Spasticity Classification and external resources DiseasesDB 20872 eMedicine neuro/706 pmr/177 MeSH D009128
Spasticity is a feature of altered skeletal muscle performance in muscle tone involving hypertonia, which is also referred to as an unusual "tightness" of muscles. Clinically spasticity is defined as velocity dependent resistance to stretch, where a lack of inhibition from the CNS results in excessive contraction of the muscles, ultimately leading to hyperflexia.
It mostly occurs in disorders of the central nervous system (CNS) impacting the upper motor neuron in the form of a lesion, such as spastic diplegia, but it can also present in various types of multiple sclerosis, which are autoimmune conditions.
Precise cause aside, whenever there is a loss of muscle tone inhibition from the brain to the spinal cord such that muscles become overactive, this loss of inhibitory control can cause an ongoing level of contraction, with decreased ability for the affected individual to volitionally control the muscle contraction, and increased resistance felt on passive stretch.
The clinical underpinnings of two of the most common spasticity conditions, spastic diplegia and multiple sclerosis, can be described as follows: in spastic diplegia, the upper motor neuron lesion arises often as a result of neonatal asphyxia, while in conditions like multiple sclerosis, spasticity comes as a result of the autoimmune destruction of the myelin sheaths around nerve endings — which in turn can mimic the gamma amino butyric acid deficiencies present in the damaged nerves of spastic diplegics, leading to roughly the same presentation of spasticity, but which clinically is fundamentally different from the latter.
Overall, a defining feature of spasticity is that the increased resistance to passive stretch is velocity-dependent.
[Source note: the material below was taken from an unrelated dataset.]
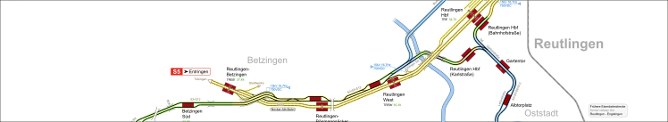 neuer Gleisplan: Reutlingen mit dem Straßenbahn-Teil der geplanten Regional-Stadtbahn Neckar-Alb.

Lance (1980) describes it this way: “...a motor disorder, characterised by a velocity-dependent increase in tonic stretch reflexes (muscle tone) with exaggerated tendon jerks, resulting from hyper-excitability of the stretch reflex as one component of the upper motor neurone (UMN) syndrome”. Strangely, however, rather than being in the motor nerves as might be assumed to be the case, spasticity actually stems from the sensory nerves.
Spasticity is found in conditions where the brain and/or spinal cord are damaged or fail to develop normally; these include cerebral palsy, multiple sclerosis, spinal cord injury and acquired brain injury including stroke. Muscles affected in this way have many other potential features of altered performance in addition to spasticity, including muscle weakness; decreased movement control; clonus (a series of involuntary rapid muscle contractions often symptomatic of muscle over-exertion and/or muscle fatigue); exaggerated deep tendon reflexes; and decreased endurance.
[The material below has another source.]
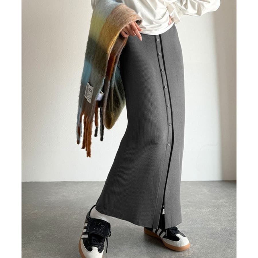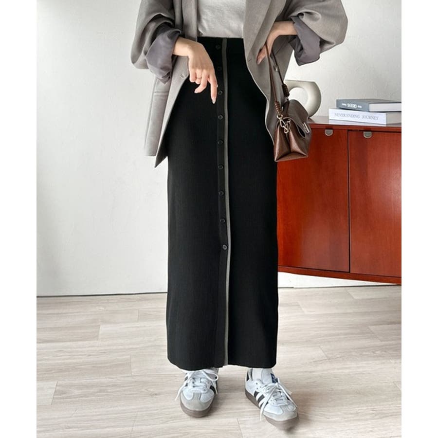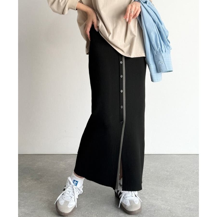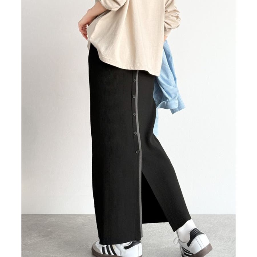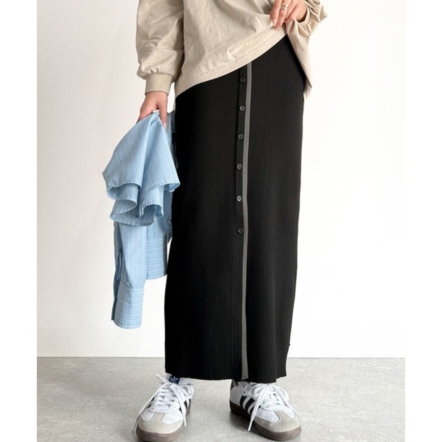 前後2wayで着まわせる!配色ボタンラインリブスカート(ロング丈)

Historical progression of spasticity hypotheses
The understanding of spasticity and the upper motor neuron lesion it is based on has progressed considerably in recent decades. However, the term "spasticity" is still often used interchangeably with "Upper Motor Neuron Syndrome" in the clinical settings, and it is not unusual to see patients labeled as spastic who demonstrate an array of upper motor neuron findings
Research has clearly shown that exercise is beneficial for spastic muscles, even though in the very early days of research it was assumed that strength exercise would increase spasticity. Also, from at least the 1950s through at least the 1980s, there was a strong focus on other interventions for spastic muscles, particularly stretching and splinting, but the evidence does not support these as effective. In the case of spastic diplegia there is also a permanent neurosurgical treatment for spasticity, selective dorsal rhizotomy, that directly targets nerves in the spine that cause the spasticity, and destroys them, so that the spasticity can't be activated at all.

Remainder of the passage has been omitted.